Optimize string handling in VB6 - Part II
Make your Visual Basic apps process text fast as lightning. Part II of this article dives deep into the performance of the VB6 String functions. We learn the functions to use and the ones to avoid. We also learn how to call the Windows Unicode API functions and how to build really, really huge strings without crashing our VB6 apps.
As told in Part I, you can use many tricks to make VB6 process strings faster. We are now going deeper into the details of fast and robust string programming.
In this article:
VB6 functions in this article: Asc, AscB, AscW, Chr$, ChrB$, ChrW$, CDbl, CInt, CStr, InStr, InStrRev, LCase$, Left$, Len, LenB, LTrim$, Mid$, Replace, Right$, RTrim$, Str$, StrPtr, Trim$, StrComp, StrConv, UCase$, Val, VarPtr.
Memory layout of VB6 strings
To get some background, let's see how strings are stored in RAM. VB6
stores strings in Unicode format. In COM terminology, a VB String is a
BSTR. A String requires six overhead bytes plus 2 bytes for
each character. Thus, you spend
The string starts with a 4-byte length prefix for the size of the string. It's not the character length, though. This 32-bit integer namely counts the number of bytes in the string (not counting the terminating 2 zero bytes). After the length prefix comes the actual text data, 2 bytes for each character. The last 2 bytes are zeros, denoting a NULL terminator (a Unicode null character).
Let's see how a sample string "Aivosto" is stored:
NULL character note. It is perfectly valid to store a NULL character in the string. As the string length is stored in the first 4 bytes, you can store NULLs in the string data. They will not be treated as the terminating NULL as in C/C++.
BSTR note. BSTR is the COM datatype for a string pointer. The pointer points to the first character of the datastring, not to the length prefix.

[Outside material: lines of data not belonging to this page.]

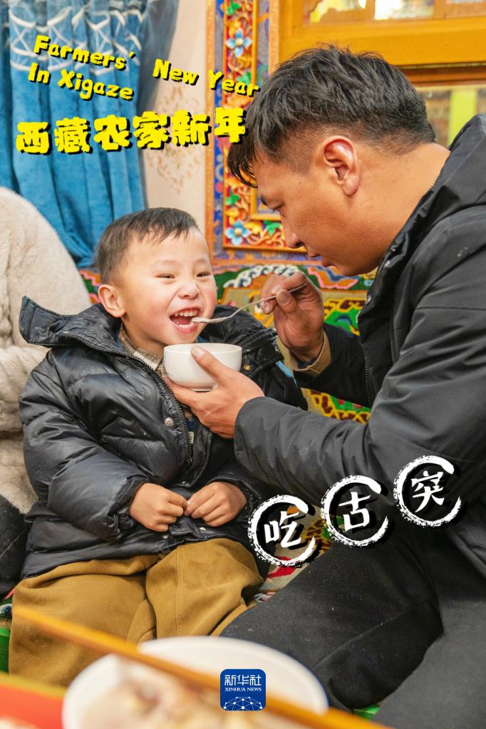 藏歷十一月二十九是農家新年的“古突”夜,按習俗,家家戶戶都要吃“古突”。藏語中,古突的“古”意為九,“突”為面食(1月10日攝)。
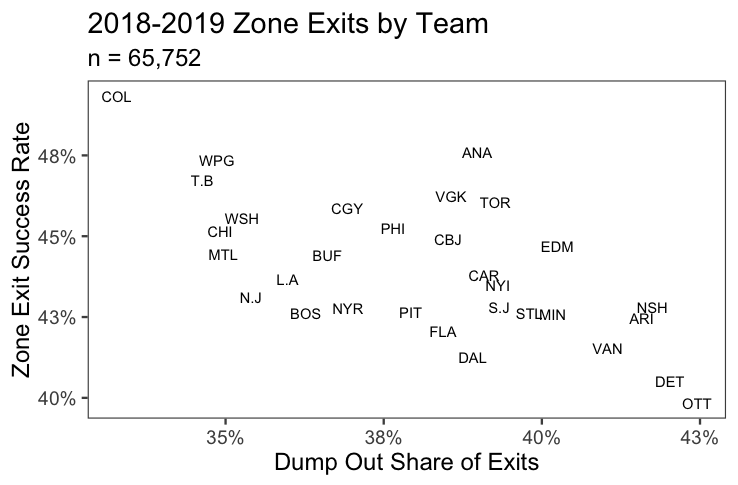 Second, there’s clearly a relationship between dumping out the puck and overall zone exit success. The teams that dump the puck out more often tend to have worse results, and the difference is statistically significant.*
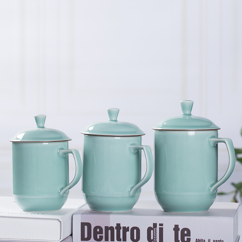 龙泉青瓷办公杯茶杯带手柄陶瓷中式复古防烫会议茶水杯马克杯子
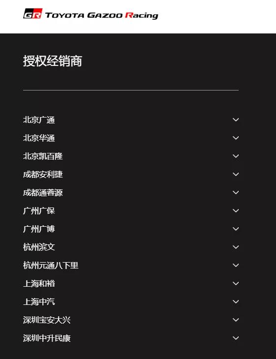 补充一点,Supra不是在任何一家丰田都能买到,只有丰田中国指定的经销商有销售权,具体参考下图。
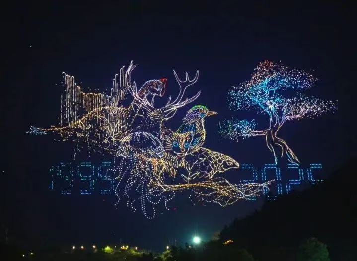 在河源,夏日的夜晚,一项新的吉尼斯世界纪录在万绿湖夜空中诞生,11198架无人机上演空中的光影盛宴,无人机与湖水、山峦相映成趣,科技感与生态美交融,令人震撼。
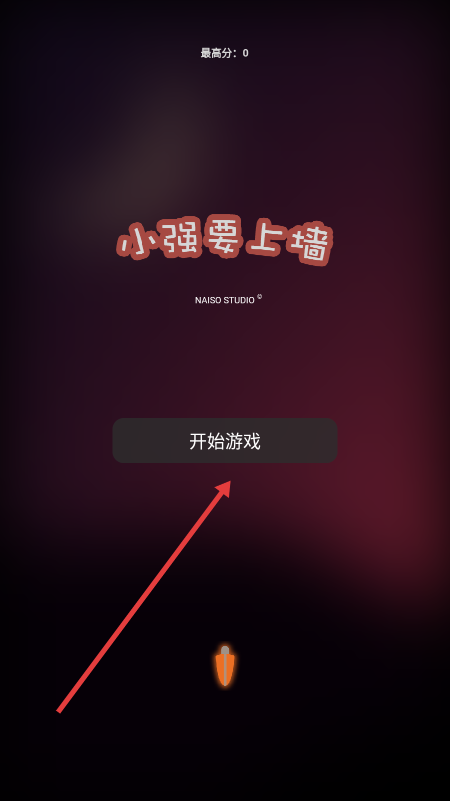 1、点击开始游戏,操控橙色小强,在砖墙场景中,长按屏幕蓄力,松手让小强弹起。
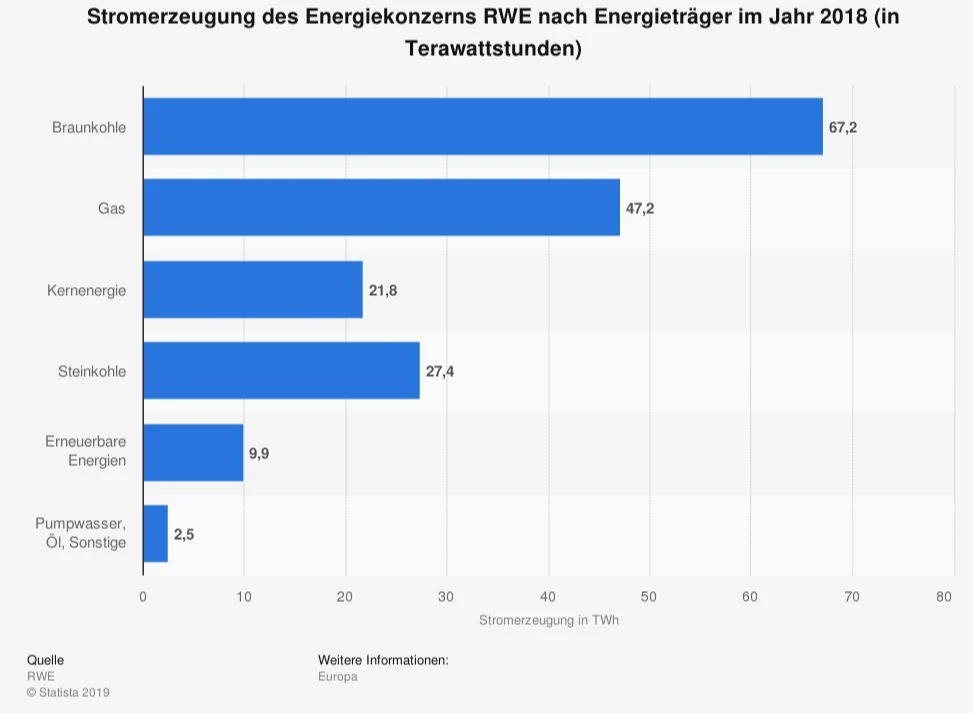 Braunkohle ist weiterhin der wichtigste Energieträger für die Stromerzeugung von RWE. Da aber die Preise für CO2-Emissionsrechte stark gestiegen sind, rechnet sich die Stromgewinnung durch Braunkohle immer weniger. Hinzukommen die gesunkenen Preise an den Strombörsen. RWE könnte daher auf einen schnelleren Kohleausstieg drängen, um Entschädigungszahlungen für das Abschalten der Kraftwerke vorzeitig zu erhalten.
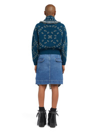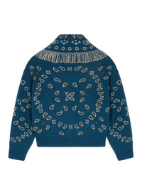 A contemporary take on a signature style, the Bandana Jacquard Cardi-Bomber pairs the iconic Bandana Pattern with a tailored cropped fit. Exquisitely crafted from cashmere and virgin wool using intricate double jacquard knit, the Cardi-Bomber features a multicolored fringed collar, ribbed trims, and real horn buttons. DETAILS - Product Code LWHB026E25KNI0014856 - Crafted from 70% Virgin Wool 30% Cashmere. - The model is 178 CM and wears a size M. - This item fits true to size.
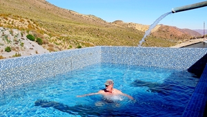 Wir sind mutig und fahren für den Abend noch ein paar Kilometer weiter zu den Termas Jurasi … die liegen nochmals 400m höher. Wir stehen ruhig und allein auf dem Parkplatz … die Nacht überstehen wir ohne Kopfschmerzen. Claro, daß wir vor unserer Weiterfahrt in die Pools gehen. Es ist Niemand vor Ort, der unsere 2.000 Pesos p.P. entgegen nimmt … wir gehen trotzdem. Das heisse Quellwasser kommt aus dem Berg … füllt die Pools und läuft als warmer Fluß weiter. Die natürlichen Becken sind uns mit 50 Grad zu heiß … das geflieste Becken scheint täglich mit neuem Wasser gefüllt zu werden und entspricht mit ca. 30 Grad angenehmen Badewasser-Temperaturen.
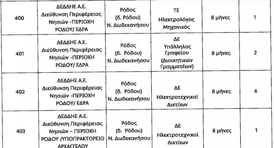 Οι θέσεις αφορούν σε Ρόδο, Κάρπαθο, Σύμη, Κάσο, Μεγίστη, Χάλκη και Τήλο.
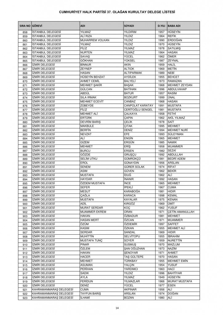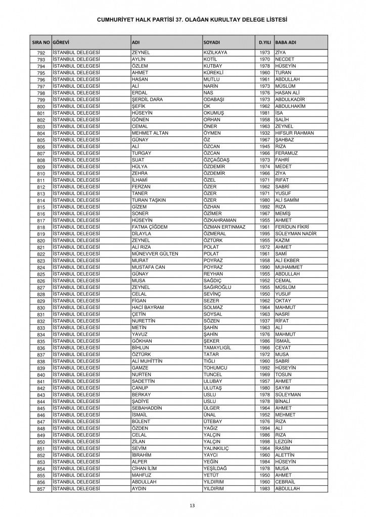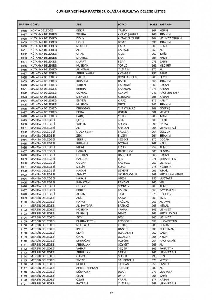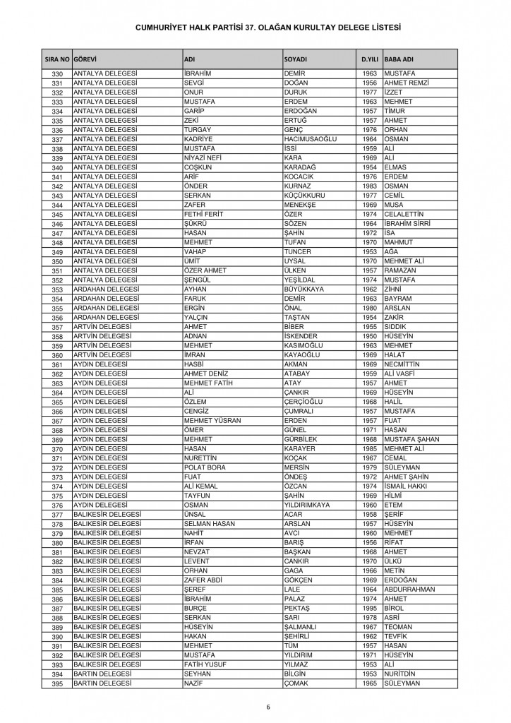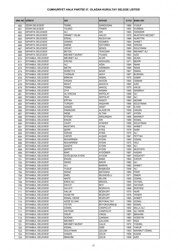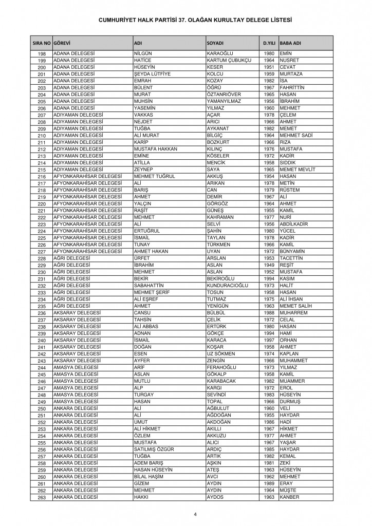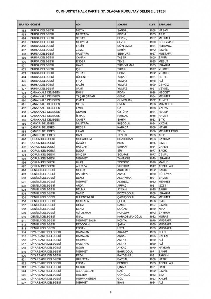 CHP 37. Olağan Kurultayında 25-26 Temmuz'da oy kullanacak kurultay delege listesi belli oldu
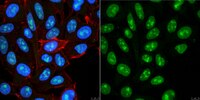 Immunocytochemistry Analysis: A 1:500 dilution from a representative lot detected monomethyl Histone H2B (Pro1) in HeLa, A431, HUVEC, and NIH3T3 cell lines.
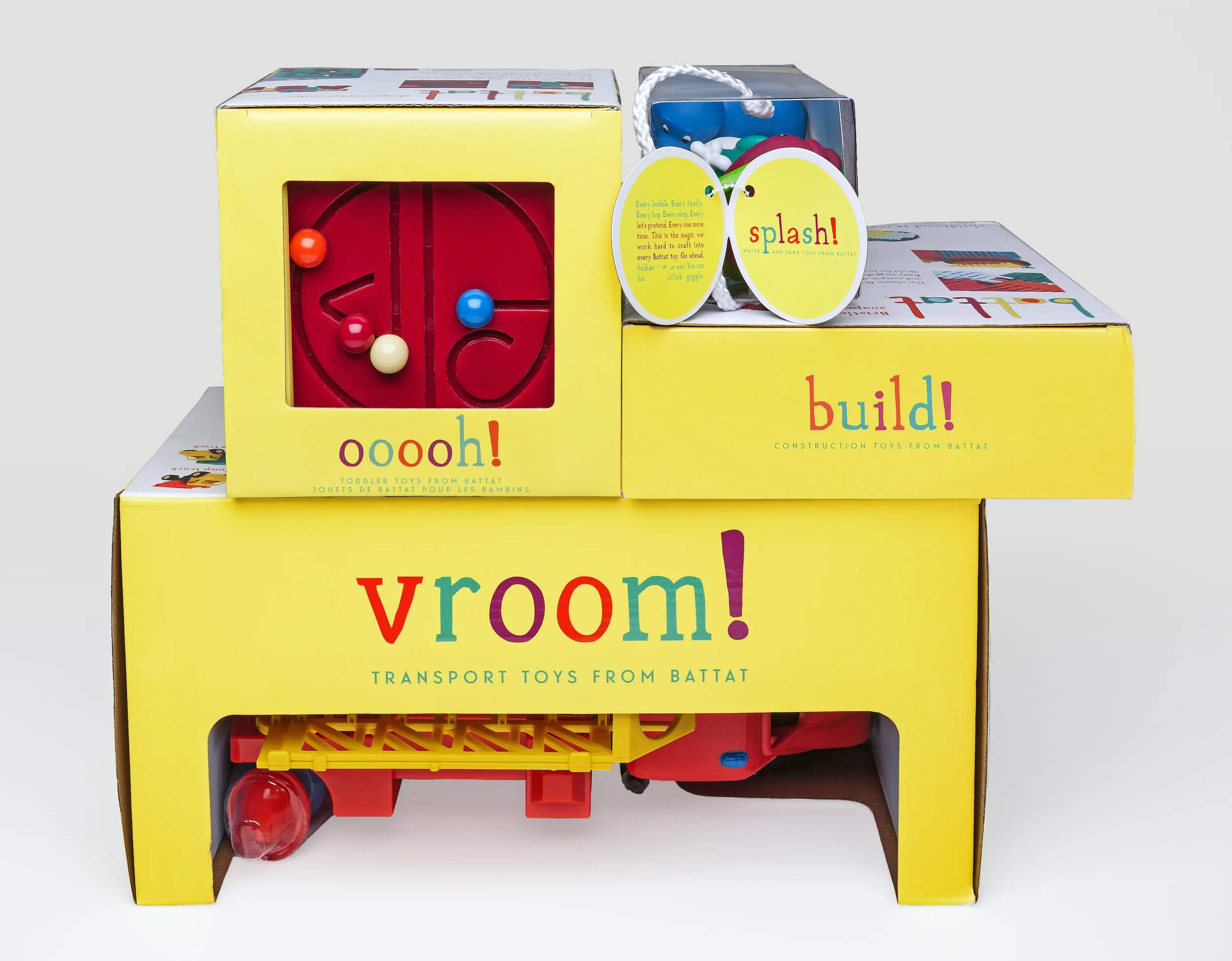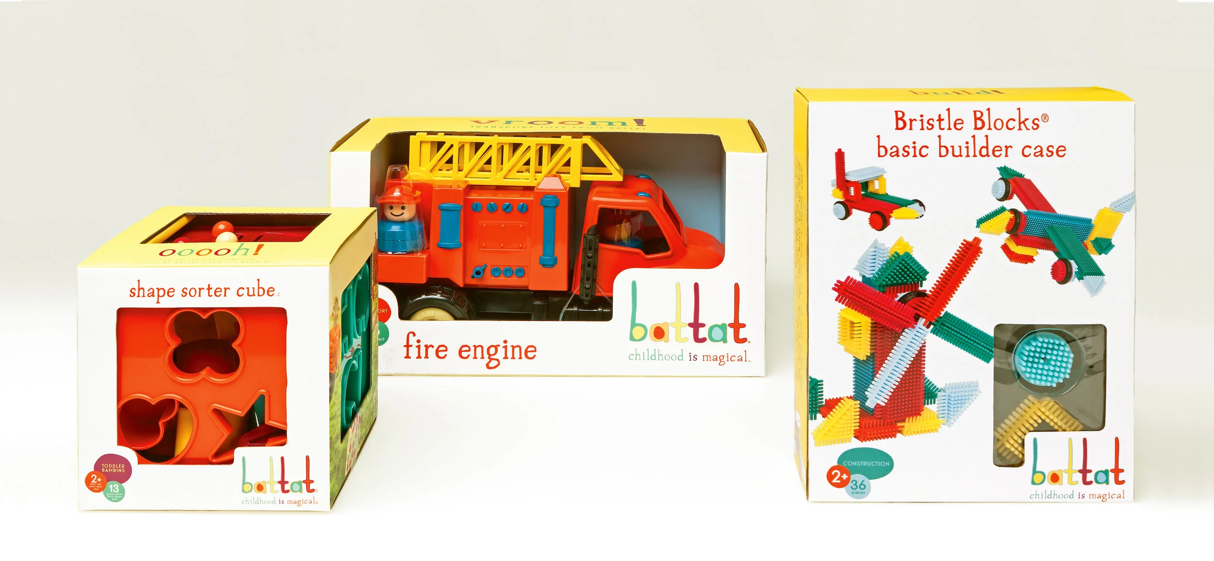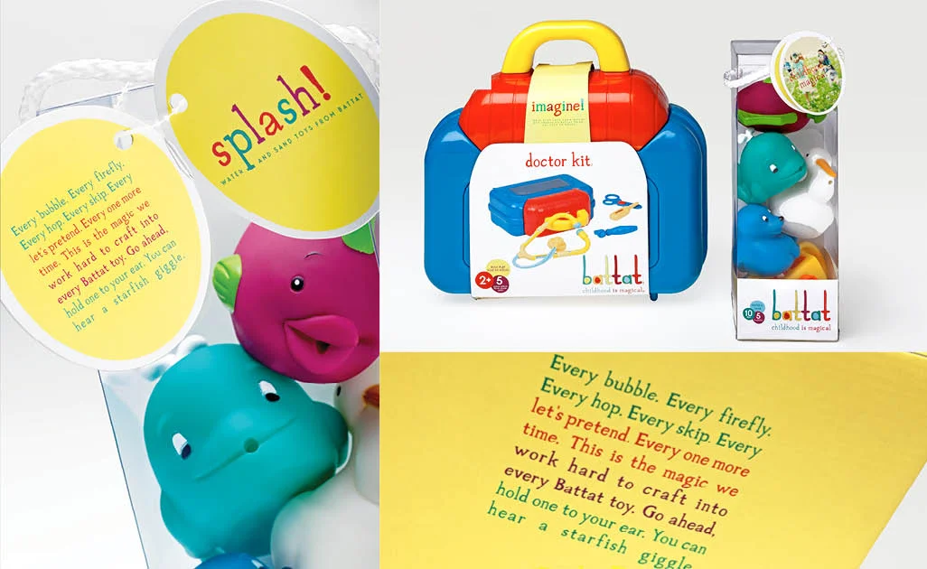 A total rebranding of Battat's toy line focused on the magic of childhood through, color palette, logo, tagline, toy names, and an energetic method of sorting toys into whimsical categories. We were also charged with unifying the brand to the product through recoloring the toys.
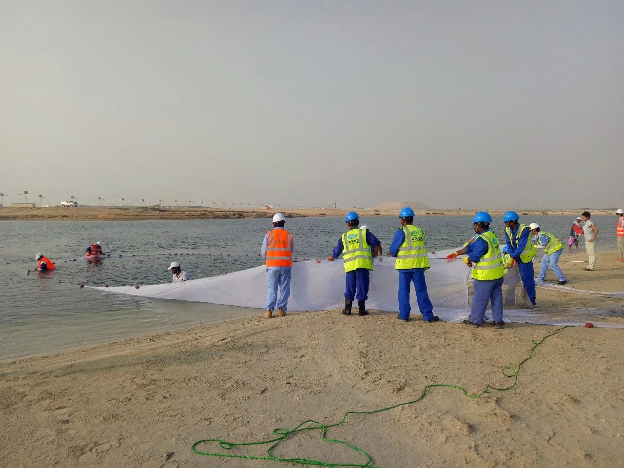該項目布置經過特殊設計的十餘公里防淤簾
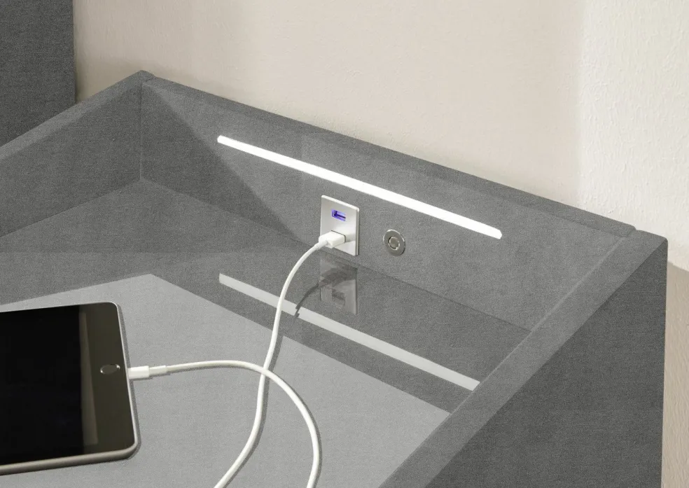 | Équipement Commodes Phono Bureau Étagère: | Plateau en verre, Tiroirs, avec port USB, incl. éclairage | ||

Performance of simple string functions
We are now going to measure how fast the various built-in string functions of VB6 really are. For this purpose we compiled a little .exe, which called each function 100 million times. The test was run on a typical Pentium 4 processor (2.8 GHz). We found out that Len and LenB are the fastest functions. So we compared the rest of the functions to Len/LenB and put the results in the chart and table below.
How to read the table: Calling Len takes 1 unit of time, while Asc takes 7 units. You can call Len 7 times in the same time you call Asc once.
Len and LenB. The fastest functions are Len and LenB. These are lightning fast functions that simply read the 2 length bytes at the start of the string area. Len is implemented in 6 assembly instructions in the VB runtime. LenB is even shorter: it runs just 5 instructions. In principle, LenB should run faster. In practice, this is not the case. Their performance is equal on today's processors.
AscW, AscB and Asc. This group of functions is very fast as well. Note how Asc takes 7 times the time of AscW and AscB. This is because AscW and AscB simply return the first byte(s) of the string. Asc needs to convert the value to an ANSI character code. You can squeeze more performance out of your program by replacing Asc with AscW. Since Asc and AscW return different values for many characters (other than ASCII 0-127), you need to know what you are doing before choosing the other function. Read Part III for more on this topic.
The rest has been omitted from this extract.